Though there exists lots of researches on parallelizing or scheduling optimization passes, If you open up the time matrices of codegen(llc -time-passes), you’ll find that the most time consuming task is actually instruction selection(40~50% of time) instead of optimization passes(10~0%). That’s why we’re trying to parallelize the (target-independent) instruction selection process in aid of JIT compilation speed.
The instruction selector of LLVM is an interpreter that interpret the MatcherTable which consists of bytecodes generated by TableGen. I’m surprised to find that the structure of MatcherTable and the interpreter seems to be suitable for parallelization. So we propose a prototype that parallelizes the interpreting of OPC_Scope children that are possibly time-consuming. Here is some quick overview:
We add two new opcodes: OPC_Fork and OPC_Merge. During DAG optimization process(utils/TableGen/DAGISelMatcherOpt.cpp). OPC_Fork would be added to the front of scope(OPC_Scope) children which fulfill following conditions:
- Amount of opcodes within the child exceed certain threshold(5 in current prototype).
- The child is reside in a sequence of continuous scope children which length also exceed certain threshold(7 in current prototype).
For each valid sequence of scope children, an extra scope child, where OPC_Merge is the only opcode, would be appended to it(the sequence).
In the interpreter, when an OPC_Fork is encountered inside a scope child, the main thread would dispatch the scope child as a task to a central thread pool, then jump to the next child. At the end of a valid “parallel sequence(of scope children)” an OPC_Merge must exist and the main thread would stop there and wait other threads to finish.

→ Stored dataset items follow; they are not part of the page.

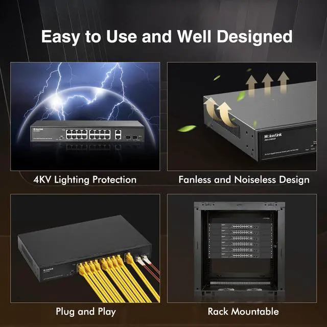 Unmanaged Plug & Play: Support Power Detection function, automatically detect devices, can be compatible with non-POE devices to provide data link. Plug and Play, just plug in the power cord, connect the ethernet cable directly to the device, can be used without configuration.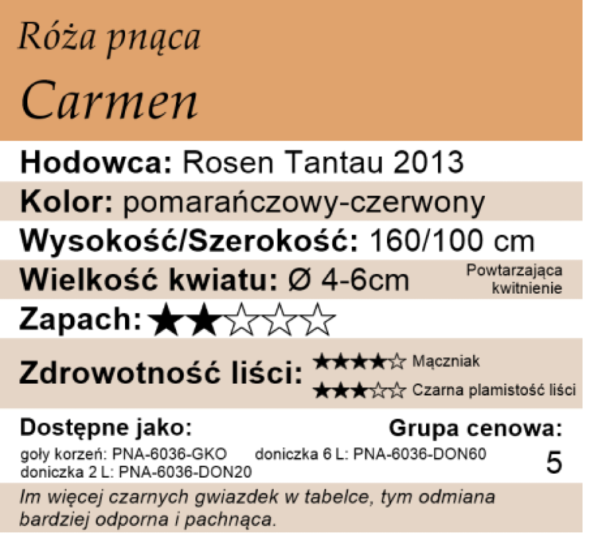 Carmen ma nieduże lecz bardzo pełne i wyraziste kolorystycznie kwiaty o delikatnym zapachu.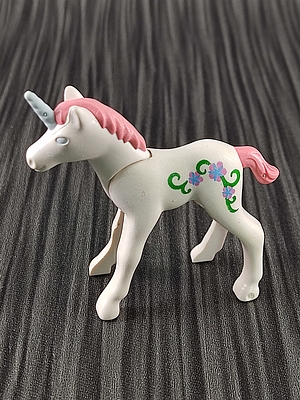 Fohlen weiß mit pinker Mähne und Schweif, Blumenmuster, hellblaue Augen und Horn
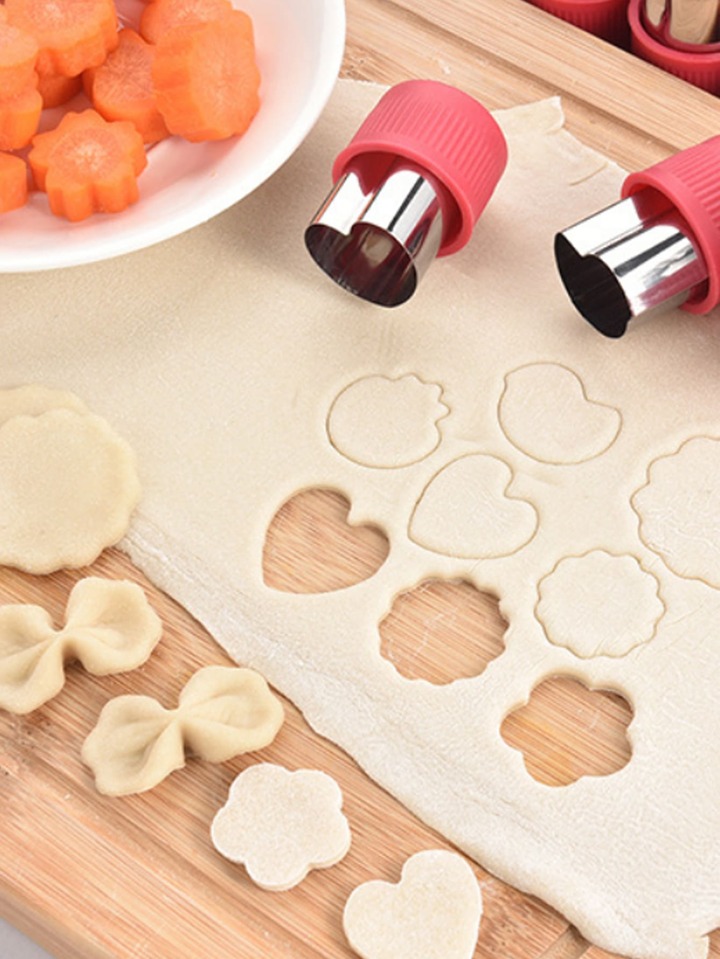 3pcs/set Random Color Vegetable Cut Mold, Stainless Steel Creative Cute Carrot Cutter, For Cooking Kids Food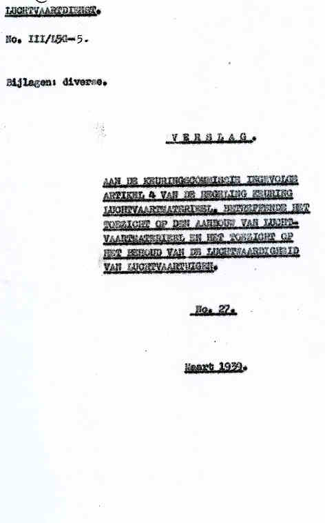 Verslag over maart 1939 aan de Keuringscommissie ingevolge art.4 van de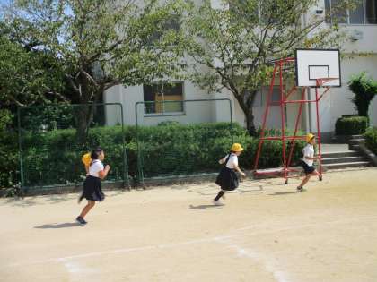 15分休みには、おにっごっこやバスケットなどをして楽しく遊んでいます。

About the synchronization, read-write lock is mainly used: In each checking-style opcode(e.g. OPC_CheckSame, OPC_CheckType, except OPC_CheckComplexPat) handlers, a read lock is used, otherwise, a write lock is used.

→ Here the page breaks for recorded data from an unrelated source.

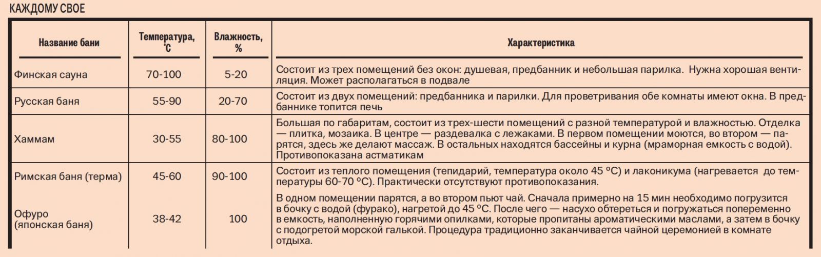 Сталкиваться с мифами и небылицами приходится уже при выборе вида бани. Вариантов существует множество: финская, русская, римская, турецкая — хаммам, японская — офуро и т. д. «Многие считают, что если здание построено из сруба, а внутри есть печь, то это русская баня. Но это не так. Основные критерии — температурный режим и уровень влажности», — рассказывает владелец компании «Имперей» Виктор Адаменко и сразу же уточняет, что сегодня строгого разделения между видами бань нет. Например, хаммам можно использовать как римскую баню.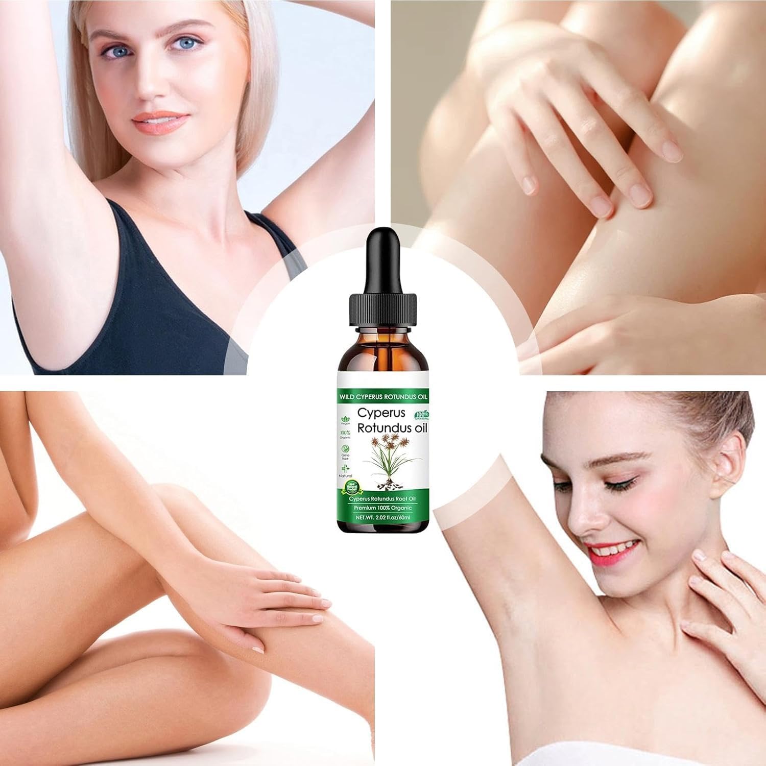Natural Hair Reduction: Made from pure, cold-pressed Cyperus Rotundus oil, this product offers a gentle, natural solution for slowing down hair regrowth and reducing unwanted body hair over time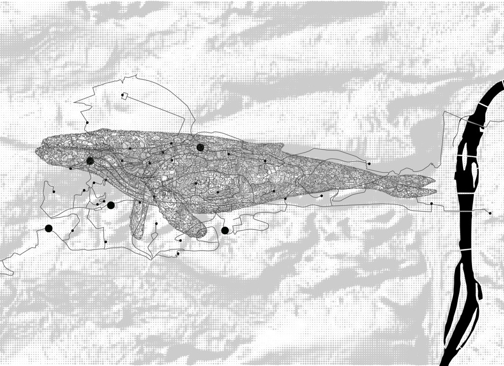 Postupně se během zkoumání místa a naslouchání okolí z navršeného kopce odloupla vrchní vrstva a odhalila autorce jeho vnitřní duši, obyvatelku – velrybu. Ta se svým zpěvem snaží přilákat lidi, kteří umí ve zvuku města slyšet její píseň.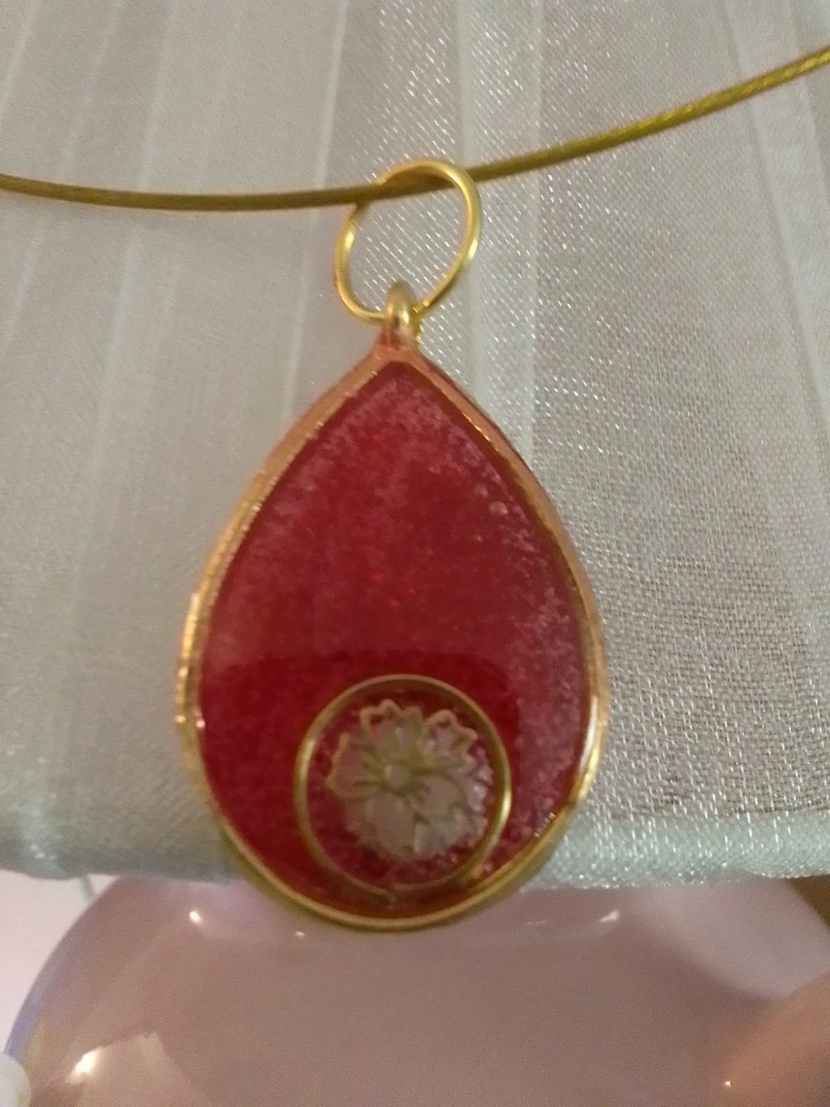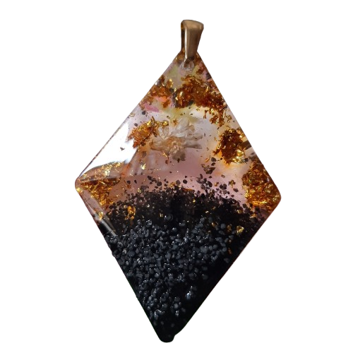 Ciondolo da donna in resina a forma di rombo con interno fiore

Finally, although the generated code is correct, total consuming time barely break even with the original one. Possible reasons may be:
- The original interpreter is pretty fast actually. The thread pool dispatching time for each selection task may be too long in comparison with the original approach.

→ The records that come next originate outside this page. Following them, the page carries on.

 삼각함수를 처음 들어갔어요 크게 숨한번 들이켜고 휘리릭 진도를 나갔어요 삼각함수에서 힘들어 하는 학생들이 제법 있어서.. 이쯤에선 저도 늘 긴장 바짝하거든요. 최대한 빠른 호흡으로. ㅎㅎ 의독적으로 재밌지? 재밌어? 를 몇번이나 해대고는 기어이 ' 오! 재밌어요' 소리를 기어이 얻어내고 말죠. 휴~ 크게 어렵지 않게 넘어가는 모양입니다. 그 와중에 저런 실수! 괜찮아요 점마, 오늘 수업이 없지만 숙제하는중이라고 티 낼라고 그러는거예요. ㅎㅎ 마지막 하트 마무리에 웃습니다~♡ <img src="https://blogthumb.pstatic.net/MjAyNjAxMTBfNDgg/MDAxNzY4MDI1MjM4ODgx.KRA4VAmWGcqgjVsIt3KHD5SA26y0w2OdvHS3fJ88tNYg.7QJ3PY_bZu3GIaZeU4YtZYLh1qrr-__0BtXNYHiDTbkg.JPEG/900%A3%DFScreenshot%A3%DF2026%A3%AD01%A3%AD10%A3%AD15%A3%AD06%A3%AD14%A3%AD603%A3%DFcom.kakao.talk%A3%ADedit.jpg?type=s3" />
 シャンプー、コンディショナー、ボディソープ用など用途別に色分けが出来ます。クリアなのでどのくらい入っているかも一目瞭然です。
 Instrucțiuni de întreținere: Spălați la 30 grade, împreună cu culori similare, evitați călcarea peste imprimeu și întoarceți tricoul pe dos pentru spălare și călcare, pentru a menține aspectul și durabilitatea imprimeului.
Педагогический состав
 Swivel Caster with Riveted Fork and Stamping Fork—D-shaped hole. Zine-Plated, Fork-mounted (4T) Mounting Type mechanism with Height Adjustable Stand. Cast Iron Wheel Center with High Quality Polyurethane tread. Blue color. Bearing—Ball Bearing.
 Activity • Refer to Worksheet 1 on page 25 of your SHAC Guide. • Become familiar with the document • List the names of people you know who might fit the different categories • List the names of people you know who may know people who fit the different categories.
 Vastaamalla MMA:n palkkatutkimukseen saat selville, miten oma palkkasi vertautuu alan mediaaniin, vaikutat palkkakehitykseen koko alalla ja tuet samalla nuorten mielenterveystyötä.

- X86 is the only architecture which contains OPC_CheckComplexPat that would modify DAG. This constraint force us to add write lock on it which would block other threads at the same time. Unfortunately, OPC_CheckComplexPat is probably the most time-consuming opcodes in X86 and perhaps in other architectures, too.
- Too many threads. We’re now working on another approach that use larger region, consist of multiple scope children, for each parallel task for the sake of reducing thread amount.
- Popular instructions, like add or sub, contain lots of scope children so one or several parallel regions exist. However, most of the common instruction variants(e.g. add %reg1, %reg2) is on “top” among scope children which would be encountered pretty early. So sometimes threads are fired, but the correct instruction is actually immediately selected after that. Thus lots of time is wasted on joining threads.
Here is our working repository and diff with 3.9 release: https://bitbucket.org/mshockwave/hydra-llvm/branches/compare/master%0D3.9-origin#diff
I don’t think the current state is ready for code reviewing since there is no significant speedup. But it’s very welcome for folks to discuss about this idea and also, whether current instruction selection approach had reached its upper bound of speed.(I ignore fast-isel by mean since it sacrifices too much on quality of generated code. One of our goals is to boost the compilation speed while keeping the code quality as much as possible)
Feel free to comment directly on the repo diff above.
About the “region approach” mentioned in the third item of possible reasons above. It’s actually the “dev-region-parallel” branch, but it still has some bugs on correctness of generated code. I would put more detail about it if the feedback is sound.
NOTE: There seems to be some serious bugs in concurrent and synchronization library of old gcc/standard libraries. So it’s strongly recommended to use the latest version of clang to build our work.